Key Factors in Leading Effective Change – Un-Belonging Yourself and Your People…
Imagine running a meeting for all of your employees where you need to share a major decision about how your business operates (the business that everyone understands and works happily within), which after careful consideration, needs to change. Typically, such change and statements will be backed up by supporting information that shows that the model isn’t working well in a rapidly changing market – it could go as far as saying the current model is ‘dead’.

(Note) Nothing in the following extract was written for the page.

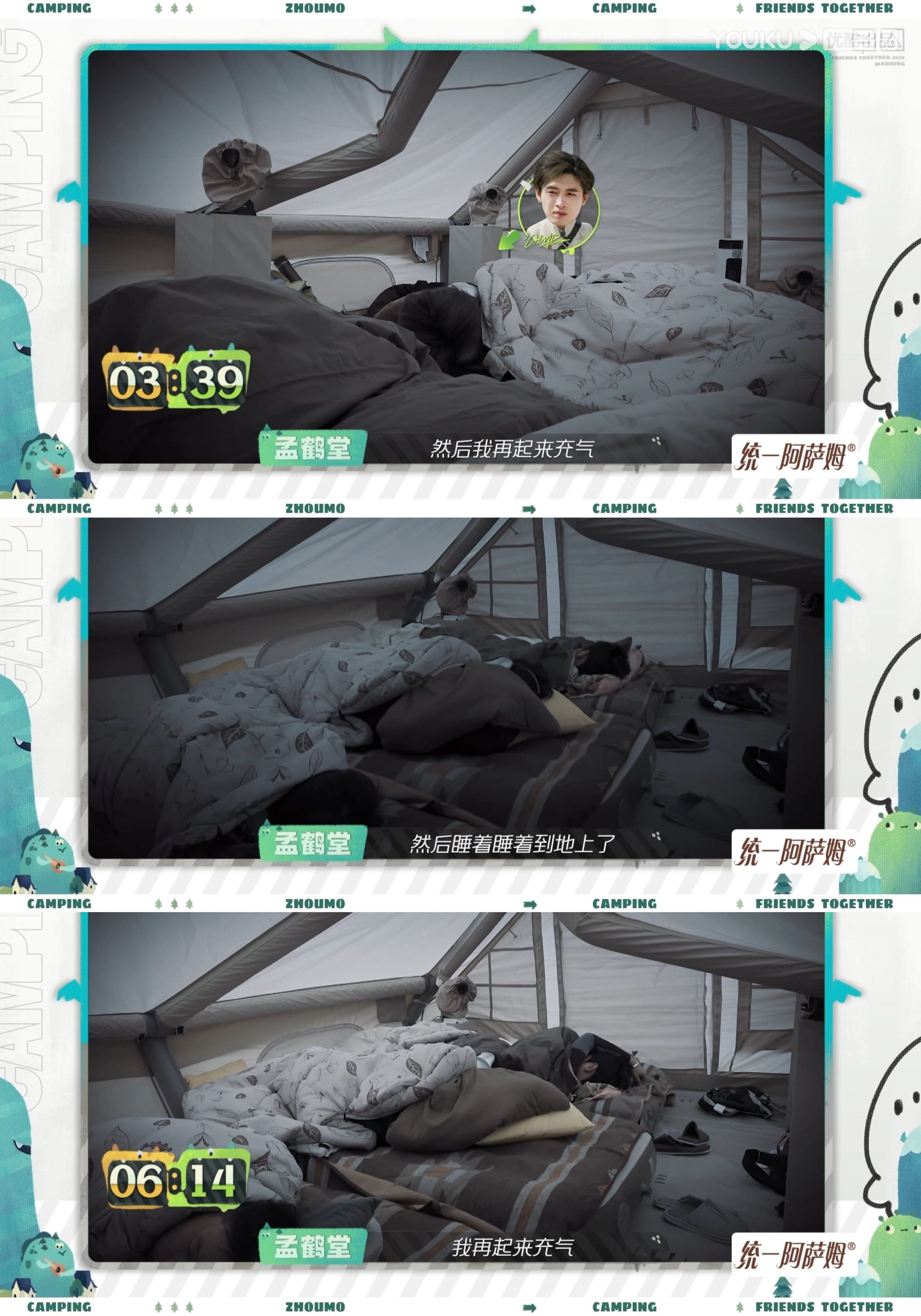 #孟鹤堂露营一晚上冻醒八回# 都被冷醒了这么多次也太不容易了吧!《是好朋友的周末》这一次露营应该也是让他们印象深刻了!床垫漏气,真的好不容易啊!#孟鹤堂梦中给床充气#
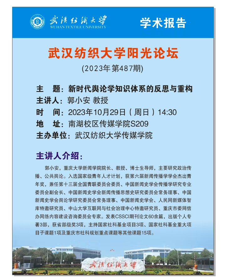 10月29日下午14:30,365英国上市第487期阳光论坛在南湖校区S209成功举办。重庆大学新闻公司经理、博士生导师郭小安教授受邀主讲《新时代舆论学知识体系的反思与重构》,望海军经理主持本次论坛,365英国上市师生积极参与学术交流活动。

Inevitably you will get a mixed reaction from the team who are listening. These reactions will range from curious interest to mild and more severe shock. Questions arise like – “What do you mean it’s dead?’’ ‘’Who do we interface with now?’’ ‘’You’re disconnecting us from each other!’’ ‘’What will that mean for our roles?”
The post pandemic economic climate, not helped by international conflict, suggests that many executives will find themselves in restructuring situations over the next 6 to 12 months. The fact is very clear that organisations will continue to face disruptive, complex, and (probably at least in part) painful change. But has this turbulent era taught us anything about how such change should be led?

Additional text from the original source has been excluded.